2.5.2009

7,50 Euro Mindestlohn reicht dem DGB nicht
Gewerkschaftsboss Michael Sommer kündigt höhere Forderung an / 7000 Besucher bei 1.-Mai-Kundgebung

Von Elke Gundel

Bremen. DGB-Chefin Helga Ziegert musste selbst lachen über ihren Versprecher: "Wir werden die schwer erkämpften Einkommen der Beschäftigten verteilen", hatte sie kurz nach 12 Uhr auf der 1.-Mai-Kundgebung des Gewerkschaftsbundes gesagt. Sie stockte kurz, im zweiten Anlauf klappte es dann: "Wir werden die schwer erkämpften Einkommen der Beschäftigten verteidigen." Das war eher nach dem Geschmack der Zuhörer.

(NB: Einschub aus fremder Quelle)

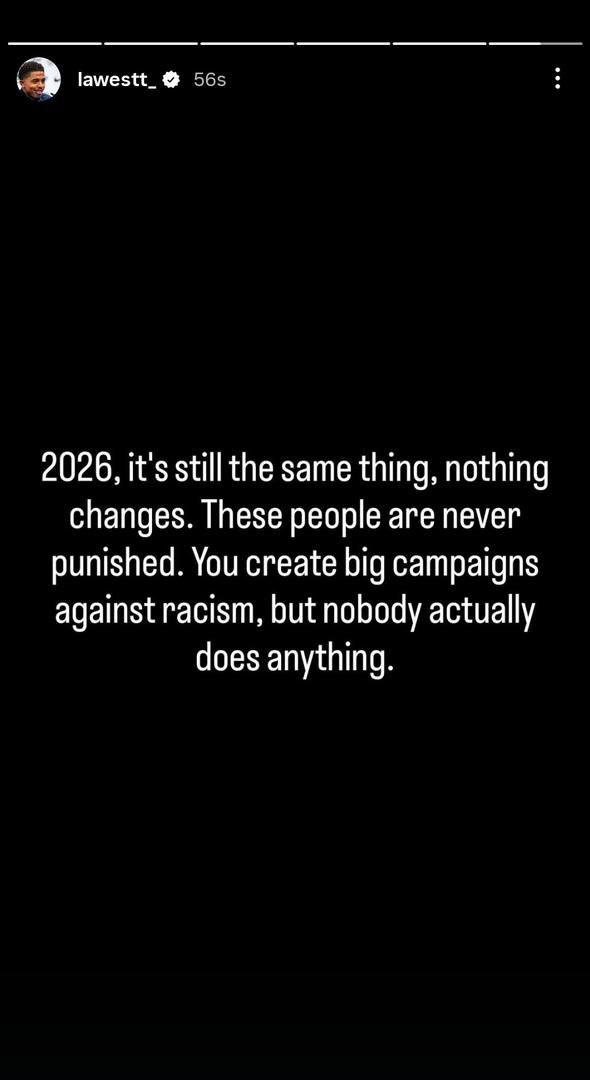 “2026, it’s still the same thing, nothing changes. These people are never punished. You create big campaigns against racism, but nobody actually does anything," he wrote in a separate post on his Stories.
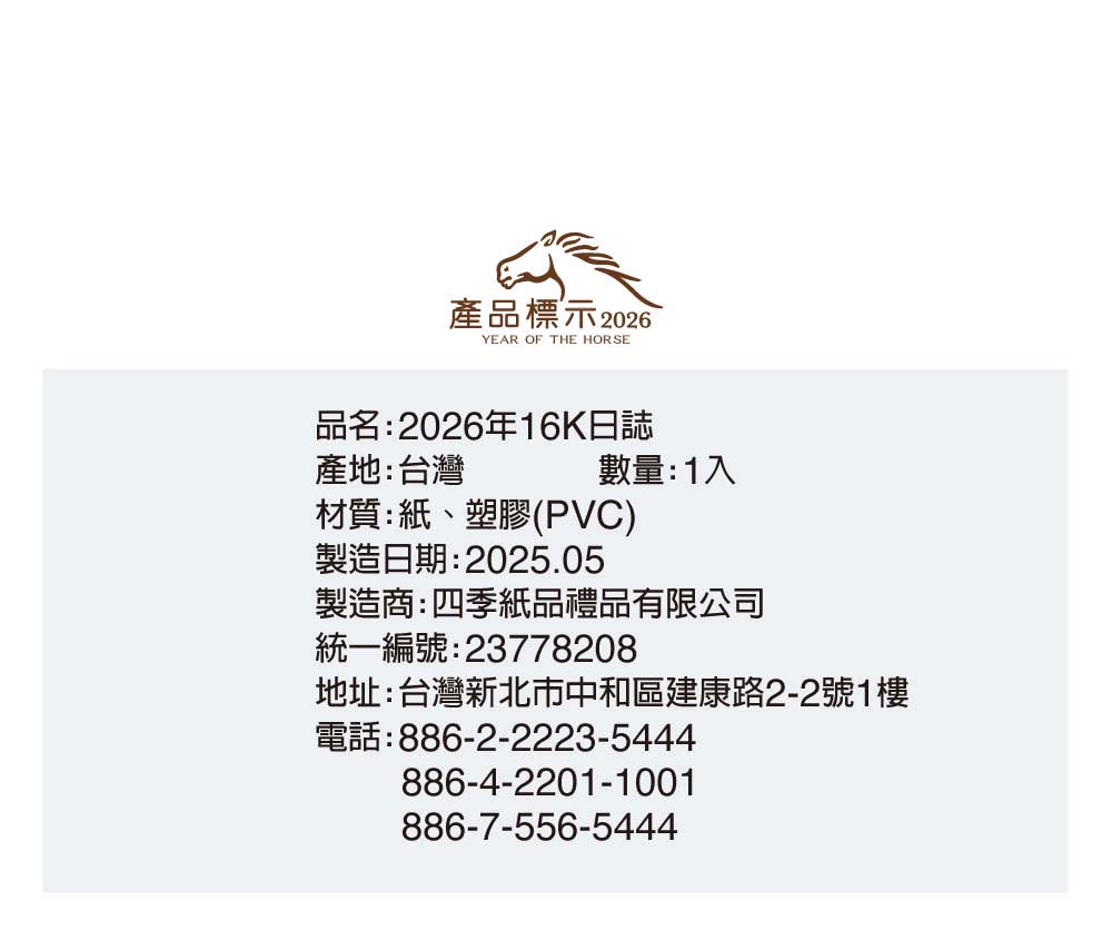 四季紙品禮品 2026年16K日誌 一天一頁 工商日誌 效率手冊 手帳 YD2616

Etwa 7000 Frauen und Männer drängten sich gestern auf dem Domshof, um bei der zentralen deutschen 1.-Mai-Kundgebung des DGB nicht nur Helga Ziegert, sondern vor allem den Bundesvorsitzenden des Gewerkschaftsbundes, Michael Sommer, zu erleben. Ein Teil der Besucher, schätzungsweise höchstens 1000, hatten da schon einen etwa 45-minütigen Fußmarsch hinter sich Um 11 Uhr war die 1.Mai-Demonstration an der Ecke Osterdeich/Sielwall gestartet, die sich dann quer durchs Viertel zum Domshof bewegte. Bremens Alt-Bürgermeister Henning Scherf (SPD) gehörte zu den Teilnehmern.

Michael Sommer erreichte den Ort der Kundgebung kurz vor dem Demonstrationszug. Bevor die Redner loslegen konnten, musste die Regie das Publikum mehrfach bitten, die vielen roten Fahnen und Transparente zu senken. Damit die Fernseh-Kameras, die rund 20 Meter vor der Bühne aufgebaut waren, freien Blick auf den DGB-Chef hatten.

Der variierte in seiner Rede das zentrale Thema der vergangenen Monate: die internationale Finanz- und Wirtschaftskrise - und die Versuche der Politik gegenzusteuern. Sommers Fazit: Wenn normale Arbeitnehmer erst ihr privates Vermögen aufbrauchen müssen, bevor sie Anspruch auf staatliche Unterstützung haben, dann müsse das "erst recht" für "die Reichen und Superreichen gelten", sagte er mit Blick auf die Bank-Manager. "Die Verursacher müssen zahlen" und dafür auch ihr Privatvermögen heranziehen, forderte er. Sommer kündigte an, der Gewerkschaftsbund werde "spätestens beim nächsten DGB-Kongress" nicht mehr 7,50 Euro als Mindestlohn fordern, sondern einen höheren Betrag. Zudem verlangte er vom Staat einen "dreistelligen Milliarden-Betrag", um die Konjunktur zu stützen. Nötig seien Investitionen in die Infrastruktur und in die Bildung.

Ursula Hafke (54) ist jedes Jahr beim 1. Mai dabei. "Ich komme aus einer Arbeiterfamilie und fühle mich diesen Wurzeln verpflichtet." Es sei wichtig, den 1. Mai zu nutzen, um die Situation der Arbeitnehmer, vor allem die der Frauen, zum Thema zu machen. Das passiere sonst viel zu selten. Gerd Rasche (38), seit 20 Jahren Gewerkschaftsmitglied, war mit seinem Sohn und einem Bekannten auf den Domshof gekommen. Sommers Rede hatte das Trio aber verpasst. Dagegen bot der Nachmittag viel Gelegenheit, um Aktive aus anderen Gewerkschaften zu treffen, sagte der 38-Jährige. Für Katja Pilz, Betriebsratsvorsitzende des Armaturenherstellers Gestra AG, ist es ebenfalls selbstverständlich, am 1. Mai auf die Straße zu gehen. "Um Solidarität zu zeigen. Um zu zeigen, dass wir hinter den Forderungen der Gewerkschaft stehen."